= How to complete this task =
Write the listing below out again exactly, dropping the images.

= Data below =
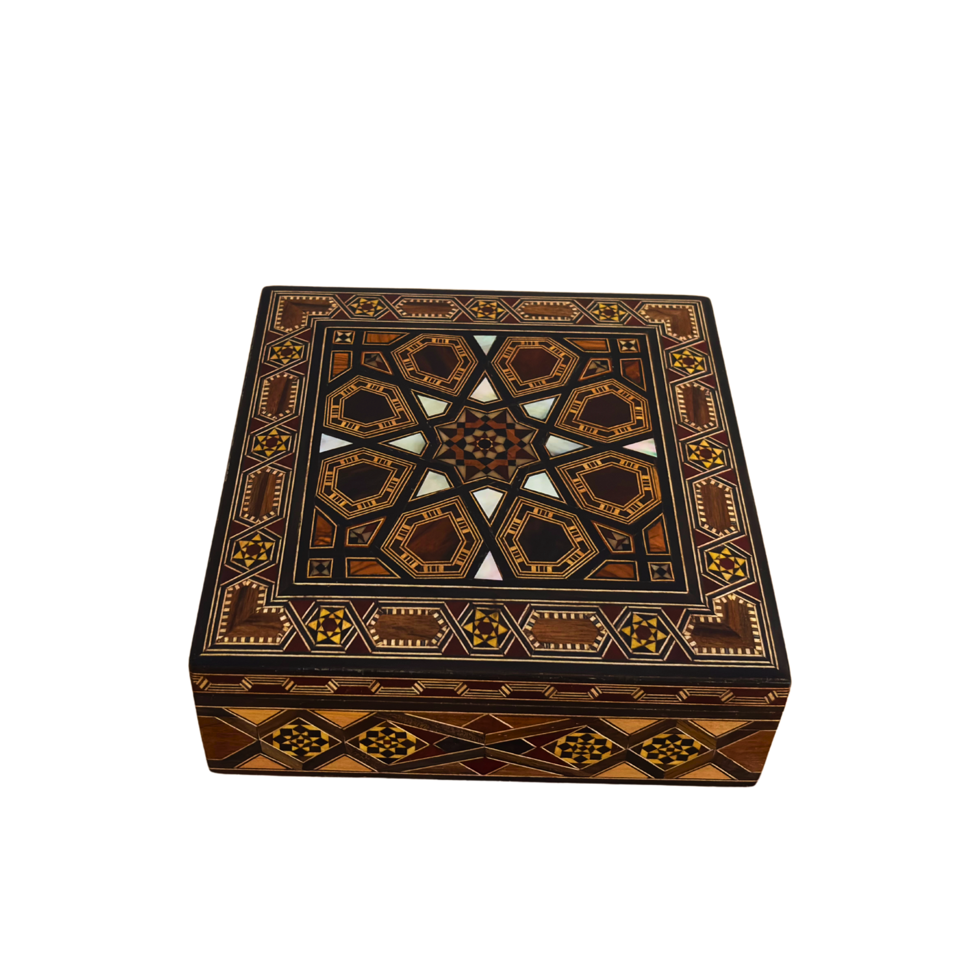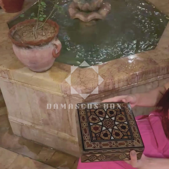 Damascene mosaic box, Gaby Al Dayeh, handcrafted mother of pearl box, oriental wooden box, Syrian craftsmanship, velvet-lined jewelry box, Damascus mosaic art, luxury handmade gift, Damascus Box
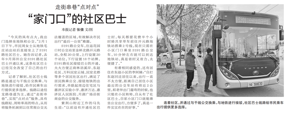 “今天的风有点大,我出门选择坐地铁和公交。”2月1日下午,市民周女士从地铁毛庄站出站后直接坐上了S191路社区巴士。她告诉记者,去年9月郑州公交S191路社区巴士开通以来,这条社区巴士已经完全改变了自己的出行方式。(今日《郑州日报》2版)
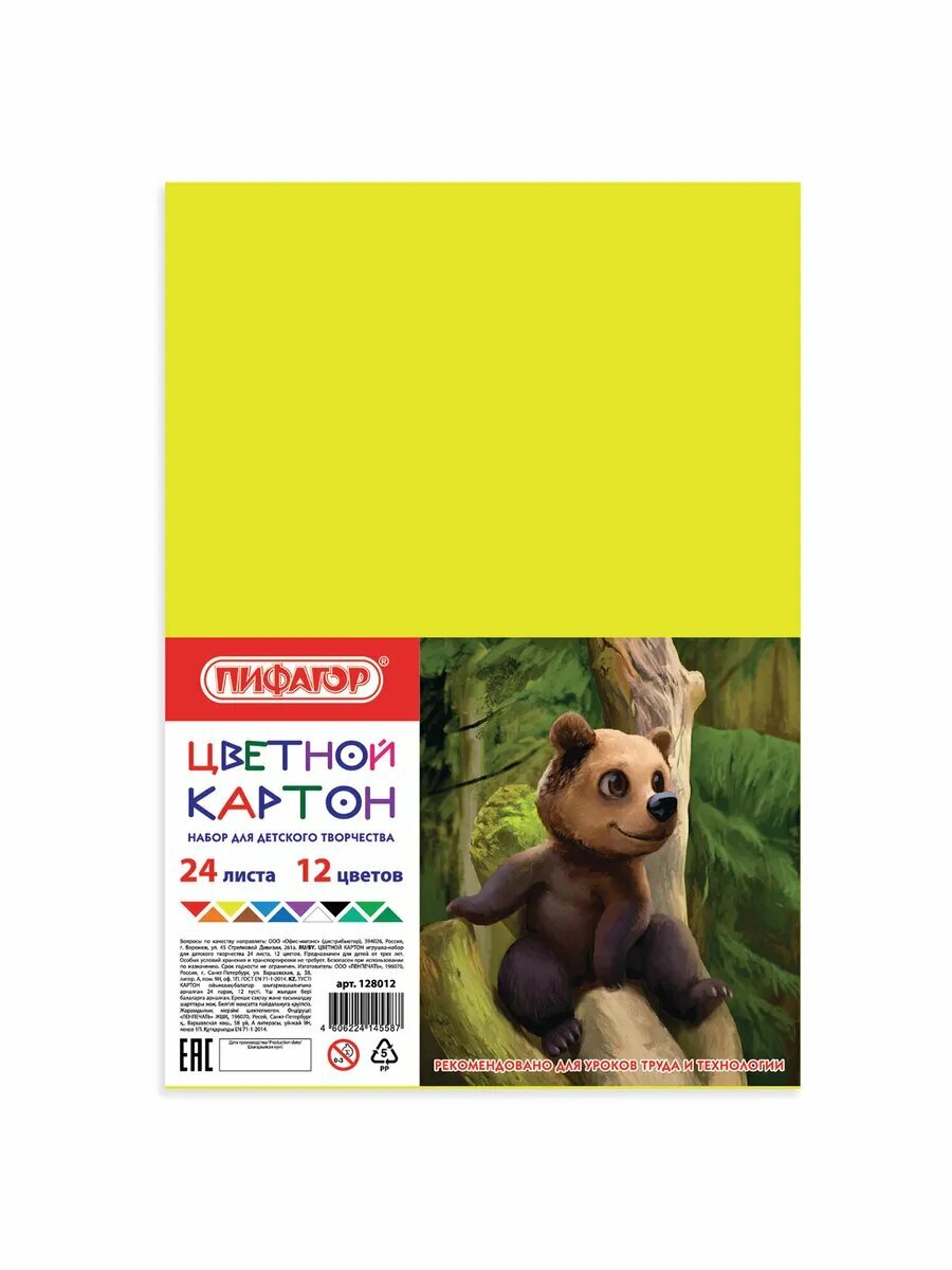 Картон цветной А4 немелованный (матовый), 24 листа 12 цвето интересное:

= Result of the task =
 Damascene mosaic box, Gaby Al Dayeh, handcrafted mother of pearl box, oriental wooden box, Syrian craftsmanship, velvet-lined jewelry box, Damascus mosaic art, luxury handmade gift, Damascus Box
 “今天的风有点大,我出门选择坐地铁和公交。”2月1日下午,市民周女士从地铁毛庄站出站后直接坐上了S191路社区巴士。她告诉记者,去年9月郑州公交S191路社区巴士开通以来,这条社区巴士已经完全改变了自己的出行方式。(今日《郑州日报》2版)
 Картон цветной А4 немелованный (матовый), 24 листа 12 цвето интересное:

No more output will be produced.